In 1980, Rich Maloney went with his high school coach to see his first Michigan baseball game. Now that he has been named the next baseball coach, he will have the chance to see plenty more.

Paul Wong
Rich Maloney was named Michigan baseball coach after leading Ball State to a 256-144 record in seven seasons.
DANNY MOLOSHOK/Daily

While attending Roseville High School, Maloney witnessed Michigan baseball in its prime. These years forever shaped Maloney’s perceptions of what Michigan baseball was and what it should be.

“I sat there – on occasion would see coach Schembechler – and was just in awe of the whole situation,” Maloney said. “At that time, Michigan was going to the College World Series on a fairly regular basis, so that’s how I picture Michigan baseball.”

Maloney, 37, was a shortstop in high school and part of Michigan’s success at that time was due to its All-American shortstop – Barry Larkin. With Larkin, the fourth overall pick in the 1985 Major League Baseball draft, on the squad, there was little opportunity for Maloney. As a result, he was not recruited by the Wolverines and headed across the state to Western Michigan instead.

With the Broncos, Maloney was a three-time letter winner (1984-86), two-time captain and a two-time All-MAC First Team selection. Maloney’s crowning achievement came in his senior season, when he was a third team All-American. But some of Maloney’s greatest games came against the team he loved though it failed to recruit him.

“Whenever we played Michigan, I had an extra sense of adrenaline to prove that I could play, and I had some great games against Michigan,” Maloney said. “I can still remember vividly hitting a homerun off of Casey Close to open up the game.”

As the leadoff batter, Maloney torched the Wolverines. He hit 10-for-18 against Michigan and drew five walks – some intentional after his longball – giving him a .652 on base percentage. His .556 batting average against the Wolverines was more than 200 points higher than his .362 average that earned him the team’s Most Valuable Player award in 1985.

After graduating, Maloney tried his hand at professional baseball for six years after being drafted by the Atlanta Braves in the 13th round of the 1986 draft. Maloney returned to his alma mater and served as an assistant coach for four years before moving on to the job that would bring his name to the forefront of young college baseball coaches.

In 1995, Maloney took over a struggling Ball State program and drastically turned the program around, winning at least 30 games in each of his seven seasons with the Cardinals.
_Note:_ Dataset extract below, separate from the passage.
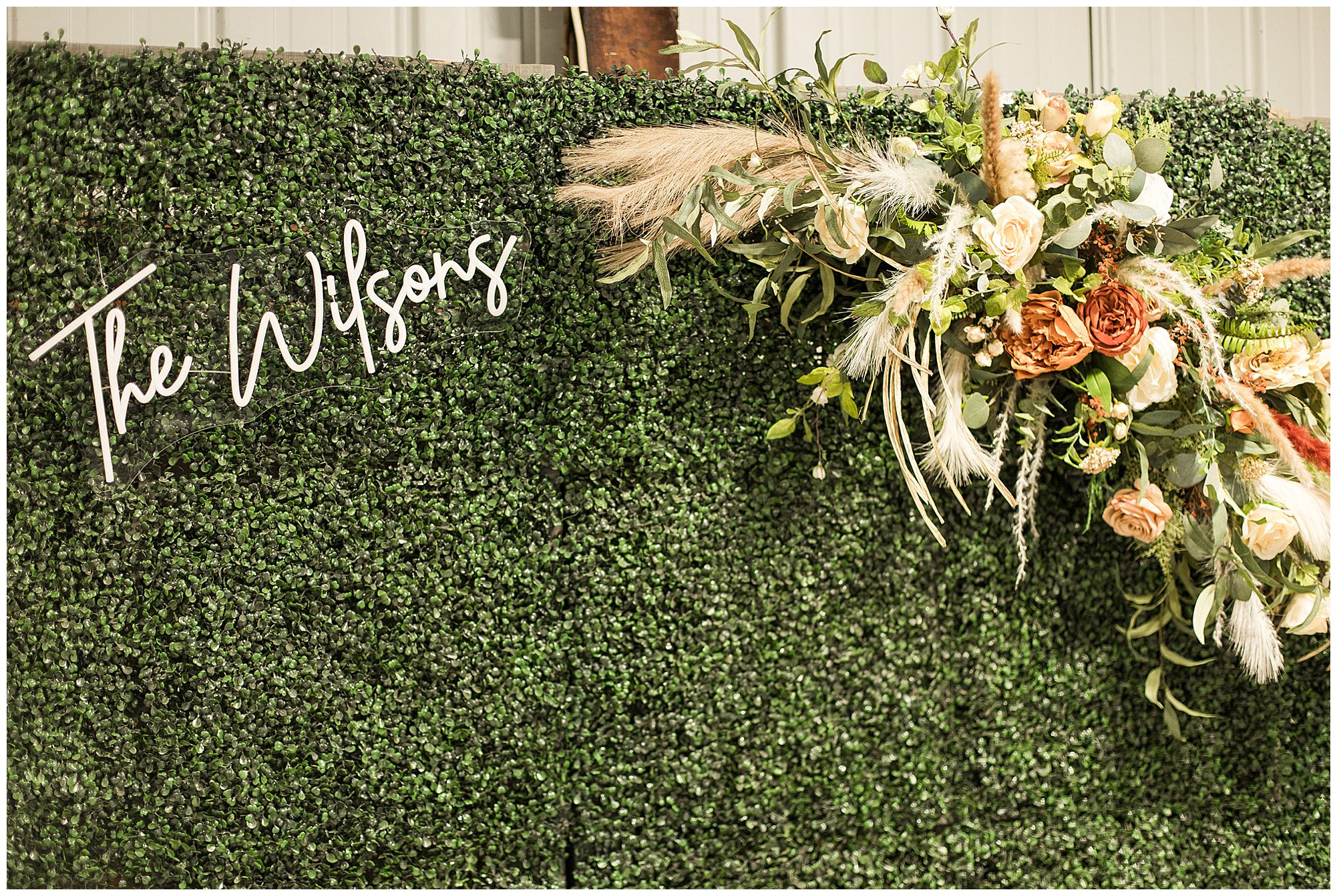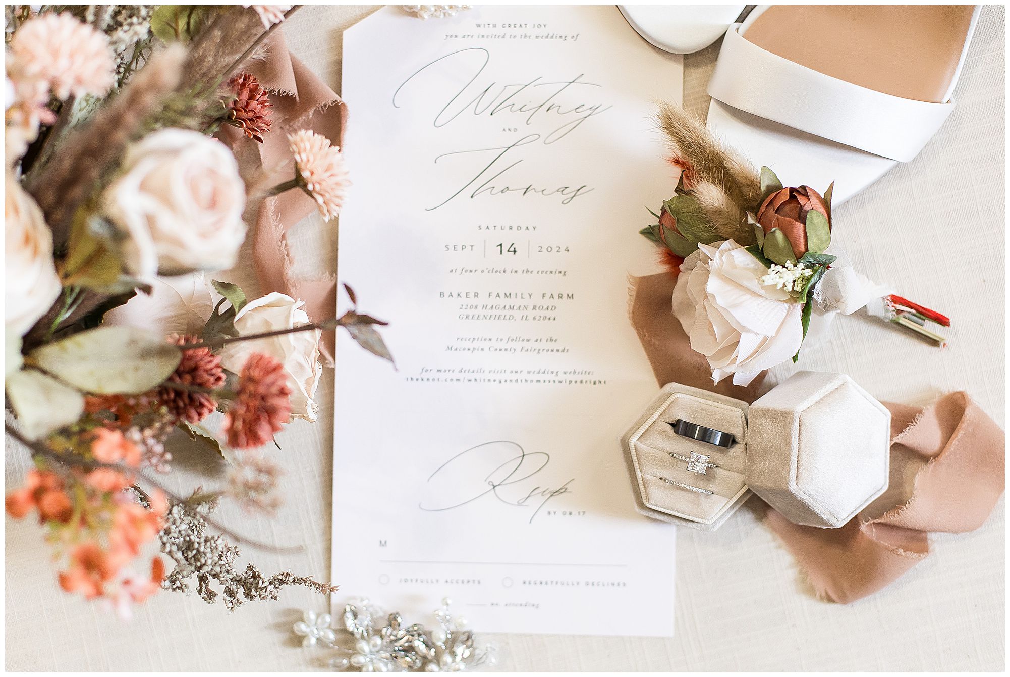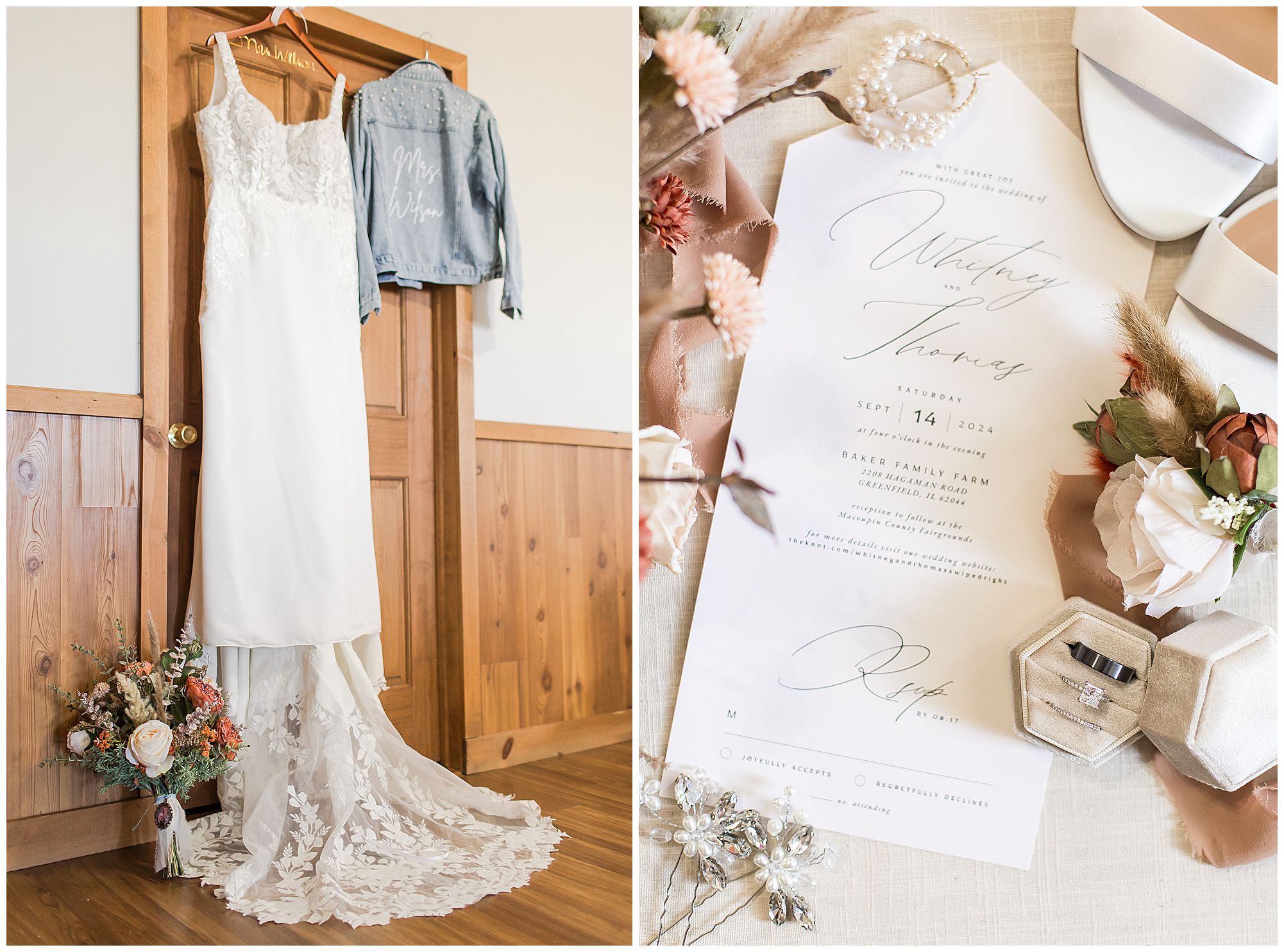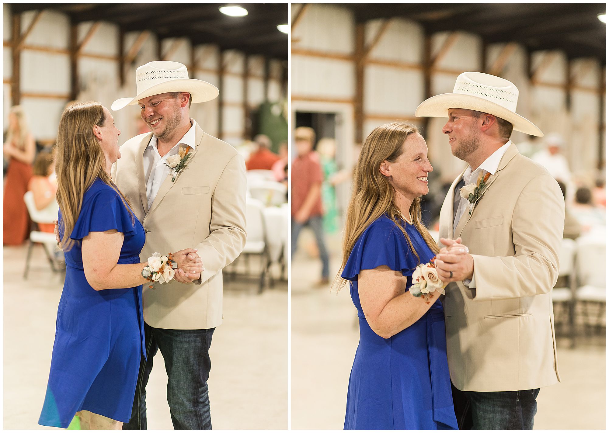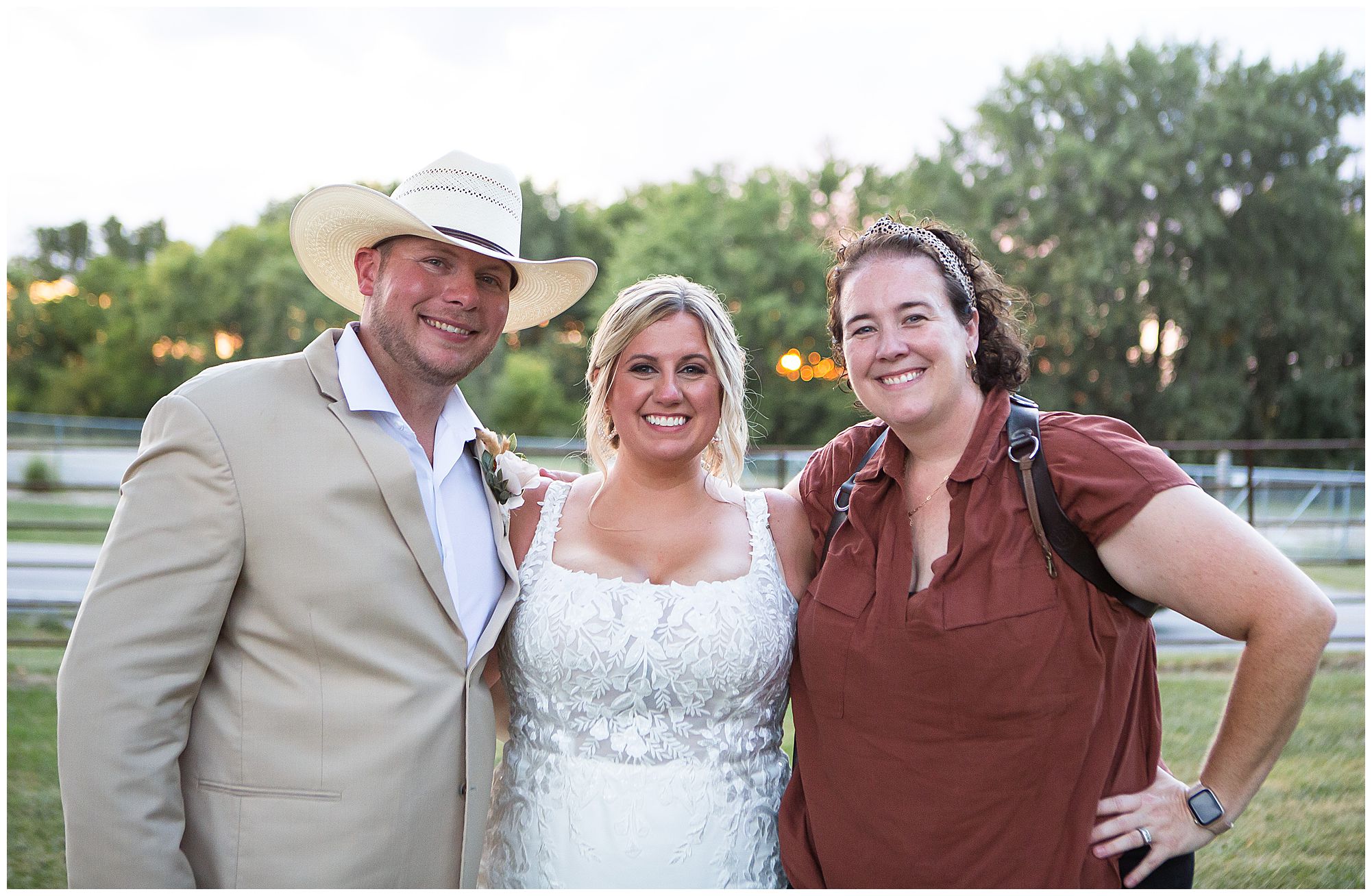 Following family photos, we headed over to a neighboring friend’s farm, where we had visited during their engagement session for a few photos in front of Whitney and Tommy’s favorite barn! The laughter was even more boisterous by now and the excitement for the newlyweds was palpable! The girls even busted out their jean jackets so the new wifey could show off her new last name! We finished with a few “Just Married” photos of these cuties before they boarded the bus to take them all to the reception at The Bates Building on the Macoupin County Fairgrounds. The family style tables were set with rustic fall decor of wooden centerpieces and lanterns along with greenery and pampas grass. The dessert table was filled to the brim with cupcakes, cookies, and truffles all mouthwatering and ready to snag. Complete with napkins of their two pups. Whitney and Tommy didn’t want to spend a ton of time on formalities and listened to a few toasts by their two maids of honor and best man. Then the couple danced their first dance before she took a spin around the dance floor with her dad and he danced with his mom. Then the party got underway and the newlyweds spent the rest of the evening celebrating with family and friends! Whitney and Tommy’s day was light-hearted, sweet, and full of down on the farm fun. I loved every second of their day and wish them all the best in their love and blessed marriage!

Maloney’s tenure at Ball State was highlighted by 40 wins in 1997 and 42 in 1999, a new school record. His success earned him a selection as one of the Top Five Rising Coaches in College Baseball as named by Baseball America in 2001.
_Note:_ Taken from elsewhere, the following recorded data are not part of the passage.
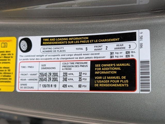 - Tires: 245/45R20 Fr & 265/45R20 Rr Perf Non-RFT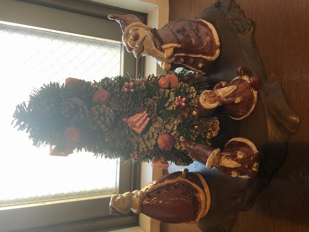 最近では外向けのクリスマス飾りはほとんどみかけません。多分、家の中でこじんまりと楽しんでいるのでしょう。我が家もカミさんが作った個性的なサンタさんがいます。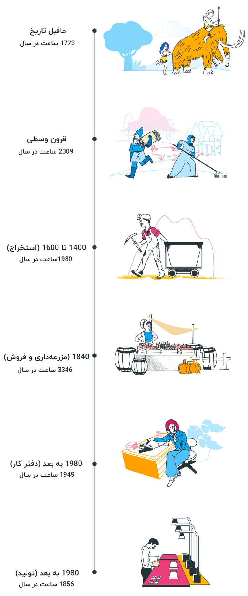 با توجه به اینکه بیشتر کشورها در تاریخهای مشخص شده در تصویر بالا، تقریبا کارهای یکسانی داشتند و حتی در زمان ماقبل تاریخ نیز روند انجام کارها یکسان بوده، میتوانیم این میزان ساعت کاری در سال را برای ایران آن زمان در نظر بگیریم. البته که ممکن است میزان آن کمی بالا و پایین داشته باشد، اما میتوان از تصویر بالا به حدود ساعت کاری سالانه در سالهای قبل رسید.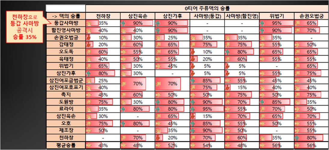 먼저 삼국지 전략판 시즌3 상성표입니다. 상성표에 써있는 것 처럼 열부터 보고 행을 보시면 승률이 나옵니다. 중국 출처로 꽤 정확한 데이터입니다😀 (ex. 천하창으로 등갑사마방 공격 시 35% 승률)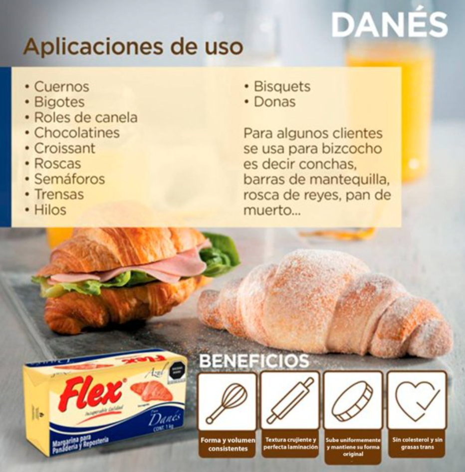 Flex es una marca que se preocupa por que prepares tus recetas con ingredientes de la mejor calidad y esta Margarina será ideal para que tus panes daneses tengan un sabor y aroma únicos.

Recruiting has always been one of Maloney’s strong points and earned him some recognition. When he was a player at Western Michigan, the NCAA allowed players to call possible recruits and help coaches with recruiting. As captain, Maloney did just that and almost stole one of Michigan’s greatest players, Jim Abbott, for the Broncos. At Ball State, Maloney also exercised his great recruiting skills and was able to bring high caliber talent to the small program in Muncie, Ind. Maloney not only relates to players and sells them on the idea of playing for him, but he also looks past a player’s current level.

“I think one of my gifts is I’m able to project on players,” Maloney said. “I’m able to look at players and see what he might develop in to.”
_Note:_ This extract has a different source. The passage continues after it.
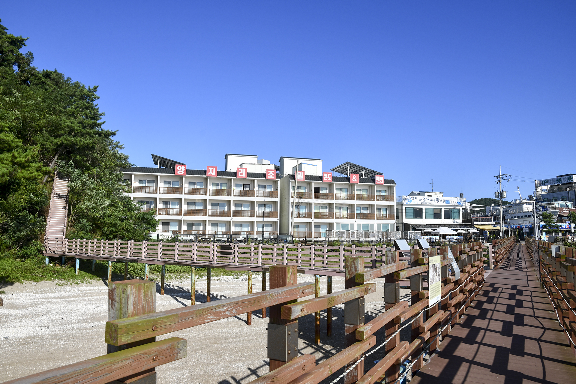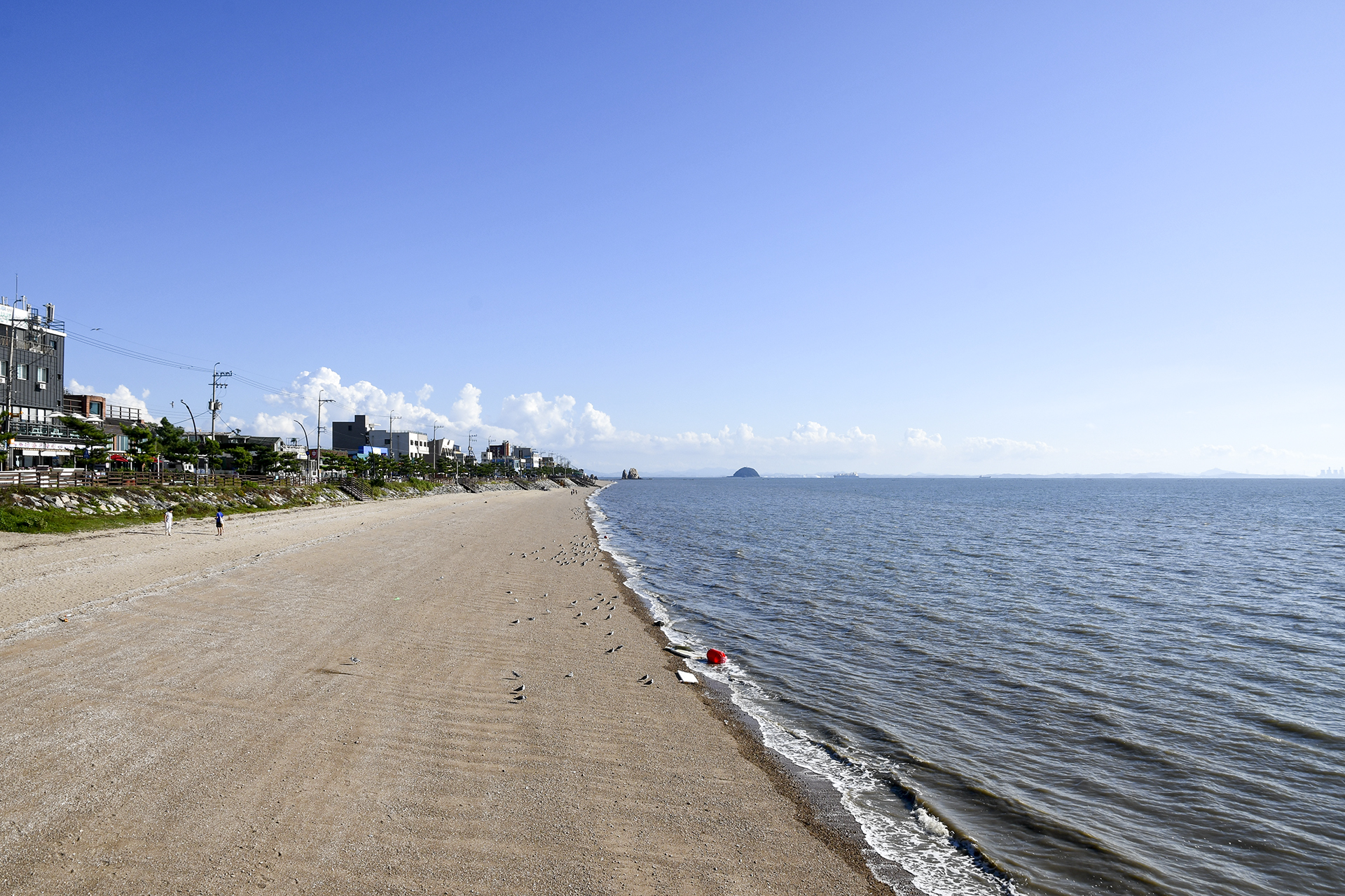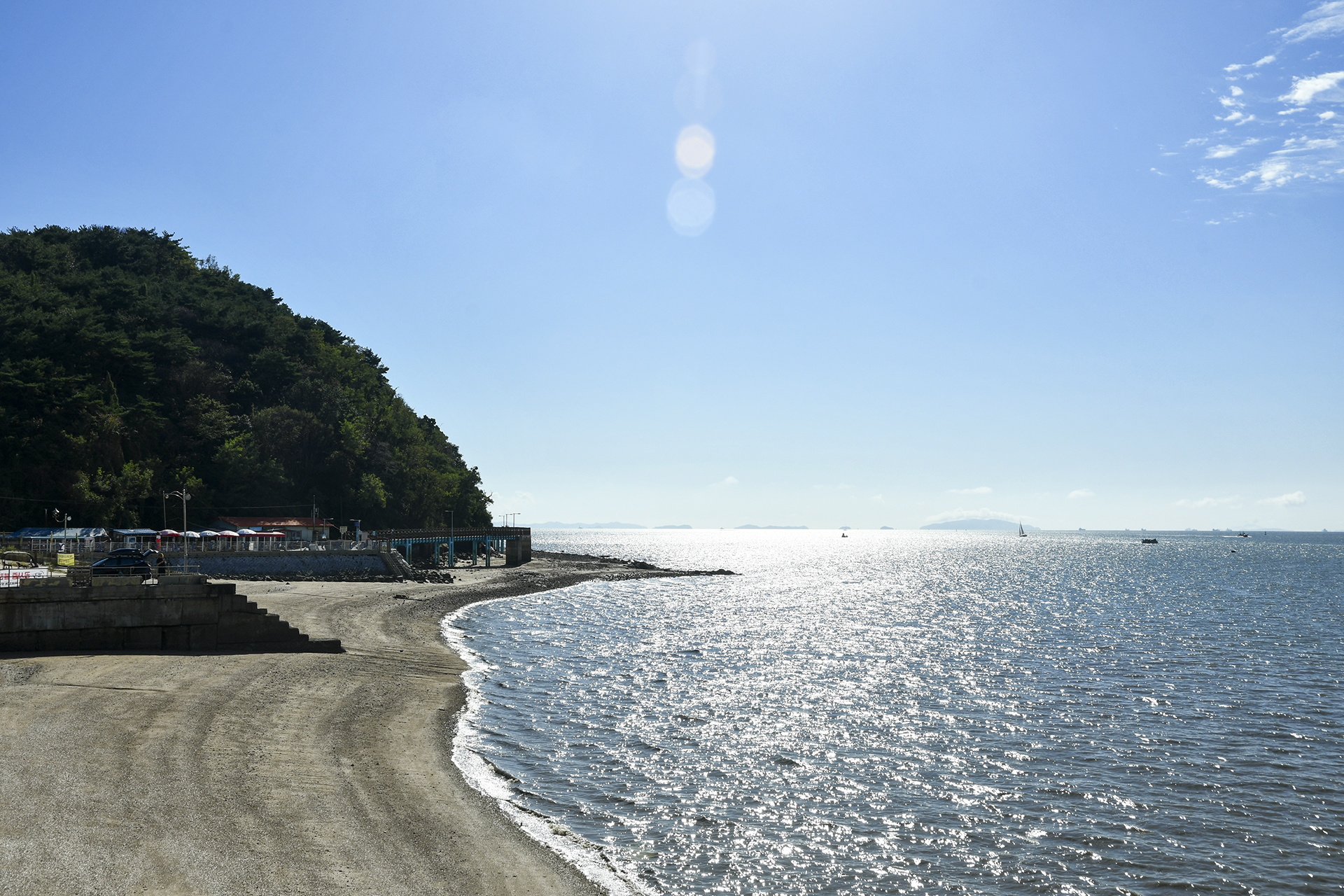 오른쪽으로 해수욕장의 모래 해변이 펼쳐져 있다.

Maloney has a great eye for talent, and two of his pitchers – Bryan Bullington and Luke Hagerty – are projected to be first round picks in this year’s draft. Bullington was a highly sought after recruit who Maloney nabbed and who may be the first overall pick, while Haggerty was an undeveloped player who Maloney saw potential in and signed.

After Michigan’s dismal season (14-17 Big Ten, 21-32 overall), Maloney has his work cut out for him.

“Currently, the program is down a bit,” Maloney said. “There is no doubt about it, and it definitely needs a lift. We feel we need to be at the top of the Big Ten.

“I was able to do some pretty special things at Ball State University, and I expect that that experience will help us to restore the rich tradition of Michigan baseball.”

Maloney will not be able to recruit for next season, since most of the premier recruits have already been signed and Michigan has already offered scholarships to players. For now, Maloney will have to live with what he has.

“I think there are some very good players in the program,” Maloney said. “We are going to need to get quite a few more, but I’m optimistic that with a fresh attitude and an increase in positive energy, these kids will be able to make a positive contribution next year.”

Maloney told the Star Press of Muncie, Ind. that Rick Rembielak of Kent State, Tracy Smith of Miami and Notre Dame associate head coach Brian O’Connor were also candidates for the job. He also said that at Michigan his budget will extend from $52,969 at Ball State to $800,000 at Michigan.

Hopefully with the extra resources, Maloney can match how well he played against Michigan with how well the Wolverines can play for him.